Amazon amzn is releasing a new and improved Kindle. It’s white, thinner, and lighter, and has a rounded design that makes it easier to hold with one hand. But what’s most interesting is the device’s features for the blind.

The fourth-generation Kindle Touch, released in 2011, had speakers, headphone jacks, and text-to-speech functionality—and it was the last Kindle that was accessible to the blind or those who had trouble seeing text. When Amazon upgraded its LCD-screen Fire tablets, the company removed audio features from the Kindle e-reader line, thus making it inaccessible to blind users, according to the Wall Street Journal.

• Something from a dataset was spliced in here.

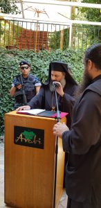 بعد الاستقبال، القى الأرشمندريت نقولا حكيم كلمة نيابة عن مطران الأبرشية عصام يوحنا درويش الذي تغيب نظرا لتواجده في الخارج ومشاركته في مؤتمرين يخصان اوضاع المسيحيين في الشرق قائلا:” ان وجودكم بيننا لهو بركة كبيرة وما يوحد كنيستنا لا يقارن بما يفرقنا فجذورنا واحدة وليتورجيتنا واحدة والمحبة هي التي توحد قلوبنا وتعطي معنى لوجودنا. ومن هنا نأمل ان نصل يا صاحب الغبطة الى اليوم الذي نحتفل به معا بعيد قيامة السيد المسيح، كما لا يسعنا سوى ان نرفع الصلاة من اجل عودة مطراني حلب بولس يازجي ويوحنا ابراهيم“.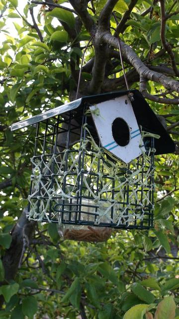 Anyway as well as using cable ties and garden wire to reduce the mesh size round the bottom half of the feeder (as advised by Paul initially) I have now cut a hole in the bottom of the feeder and fit into it an empty (!) 120g Yeo Valley yoghurt pot (Fruity Favourites), which has a rim round the top to prevent it falling through, and it's transparent so you can see when the contents require topping up.

The new Kindle will come with Bluetooth wireless technology, which is a first for the devices. Much like Amazon’s voice-controlled Echo, the new Kindle reads e-books aloud when connected to Bluetooth headphones or speakers.

How easy it will be for a blind person to pair the Kindle with a bluetooth audio device will truly determine its accessibility, however. According to Chris Danielsen, director of communications for the National Federation of the Blind, pairing with Bluetooth is usually pretty easy, as long as the host device has good text-to-speech technology, such as a built-in or third-party screen reader.

“How pairing a Bluetooth speaker or headset with this device works will definitely impact how successfully blind people can use it, and that’s one of the implementation factors we will carefully review,” Danielsen told Fortune.

In March, The National Federation of the Blind announced that it is working with Amazon to “increase selection, enhance accessibility, and improve reading experiences for blind students, including those who have low vision or who are deaf-blind.” However, the Federation has been advocating for greater accessibility in both Kindle devices and content since the Kindle was first introduced, according to Danielsen.

Although the company has not seen and tested the new Kindle yet, “we are certainly glad to see Amazon introducing greater accessibility in this device,” he told Fortune.

While Amazon isn’t the only e-book vendor option for blind people, it has a majority share of the U.S. e-book market and a proprietary file format, according to the Journal.

News of the new kindle comes after Amazon won a $30 million contract to deliver e-books to New York City public schools starting next school year.

Fortune has reached out to Amazon and will update the story if it responds.